*DATA BLOCK:*
....
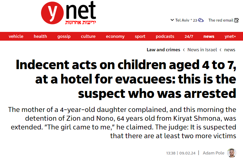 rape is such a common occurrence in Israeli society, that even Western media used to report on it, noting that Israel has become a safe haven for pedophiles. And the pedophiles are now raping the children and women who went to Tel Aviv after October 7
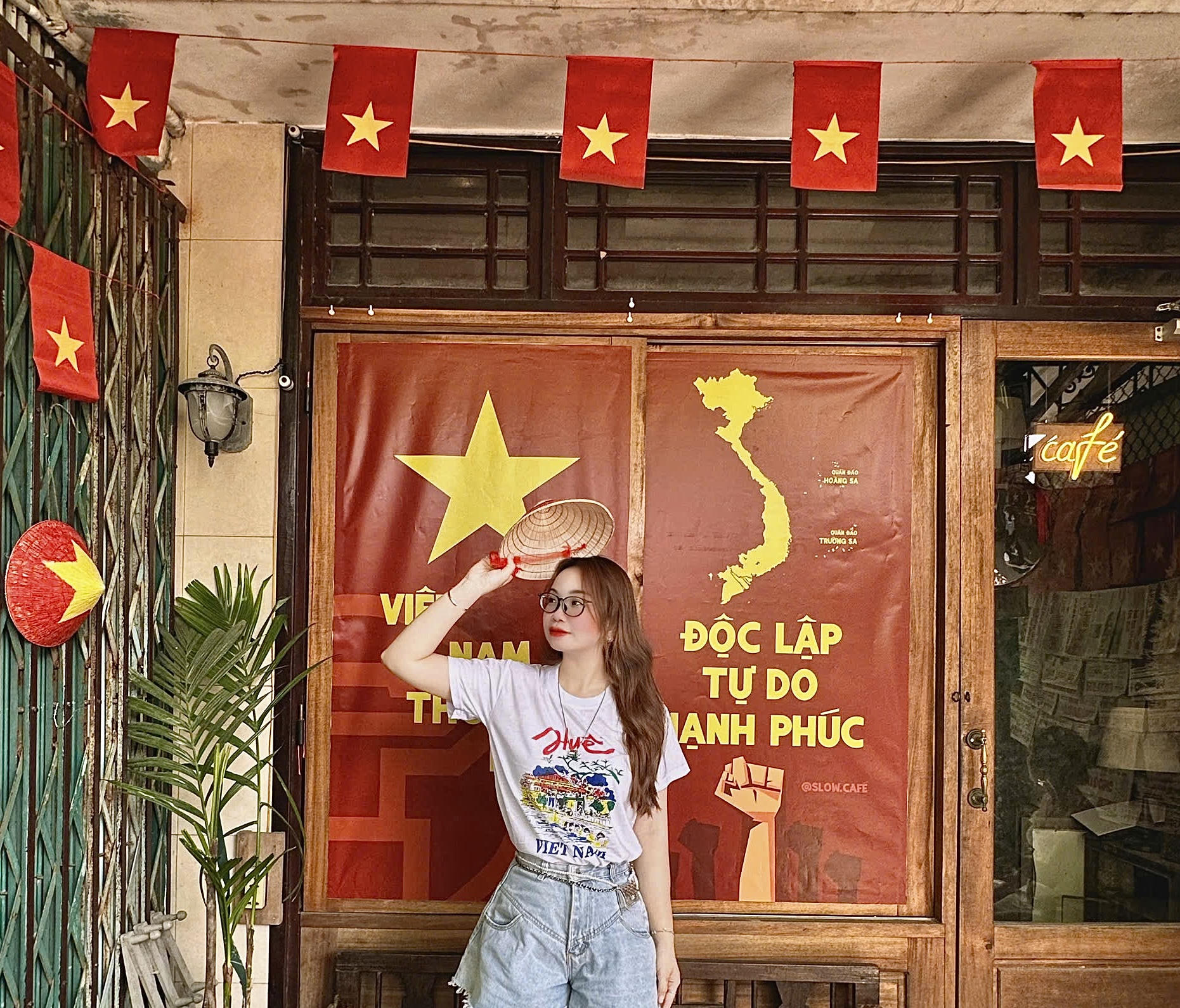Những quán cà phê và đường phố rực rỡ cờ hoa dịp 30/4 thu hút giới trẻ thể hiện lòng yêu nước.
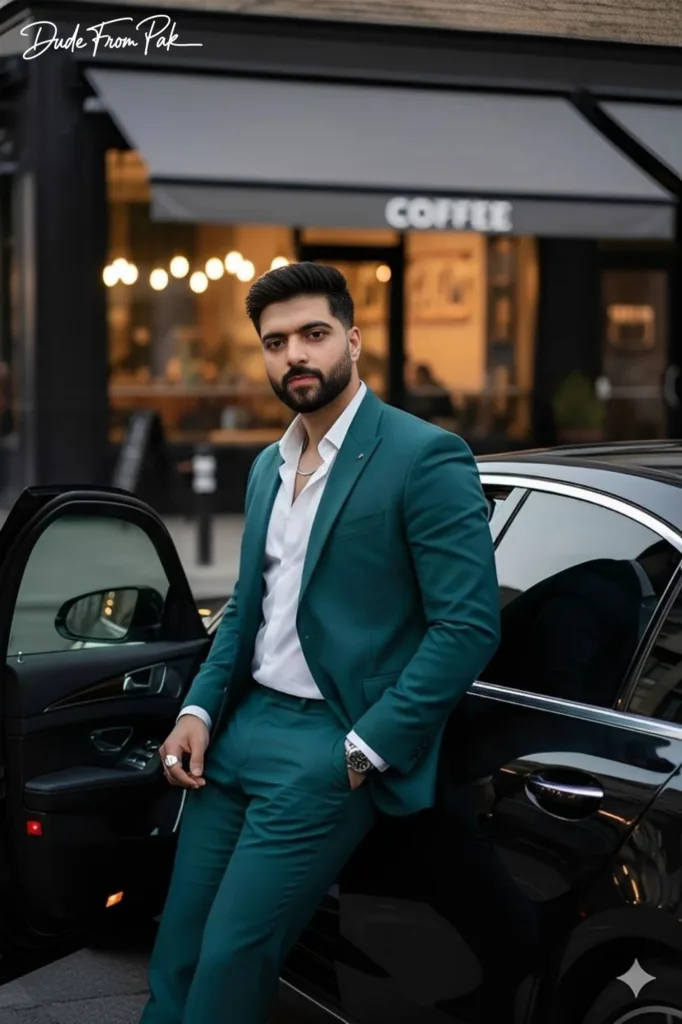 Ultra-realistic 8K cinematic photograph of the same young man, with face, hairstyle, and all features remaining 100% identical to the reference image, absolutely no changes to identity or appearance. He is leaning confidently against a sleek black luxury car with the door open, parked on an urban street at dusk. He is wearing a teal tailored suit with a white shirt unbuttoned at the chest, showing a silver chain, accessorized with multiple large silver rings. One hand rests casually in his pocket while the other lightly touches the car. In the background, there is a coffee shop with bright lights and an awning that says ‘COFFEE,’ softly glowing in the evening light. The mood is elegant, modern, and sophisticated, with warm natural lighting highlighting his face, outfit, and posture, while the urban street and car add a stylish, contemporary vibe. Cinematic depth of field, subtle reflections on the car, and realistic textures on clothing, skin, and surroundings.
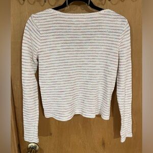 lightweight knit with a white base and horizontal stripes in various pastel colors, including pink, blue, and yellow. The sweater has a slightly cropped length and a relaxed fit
....
*TASK DESCRIPTION:* Going from the line holding "Ultra-realistic 8K cinematic" to the last line of the data above, reproduce every line exactly, both included, with the pictures omitted.

*TASK RESULT:*
 Ultra-realistic 8K cinematic photograph of the same young man, with face, hairstyle, and all features remaining 100% identical to the reference image, absolutely no changes to identity or appearance. He is leaning confidently against a sleek black luxury car with the door open, parked on an urban street at dusk. He is wearing a teal tailored suit with a white shirt unbuttoned at the chest, showing a silver chain, accessorized with multiple large silver rings. One hand rests casually in his pocket while the other lightly touches the car. In the background, there is a coffee shop with bright lights and an awning that says ‘COFFEE,’ softly glowing in the evening light. The mood is elegant, modern, and sophisticated, with warm natural lighting highlighting his face, outfit, and posture, while the urban street and car add a stylish, contemporary vibe. Cinematic depth of field, subtle reflections on the car, and realistic textures on clothing, skin, and surroundings.
 lightweight knit with a white base and horizontal stripes in various pastel colors, including pink, blue, and yellow. The sweater has a slightly cropped length and a relaxed fit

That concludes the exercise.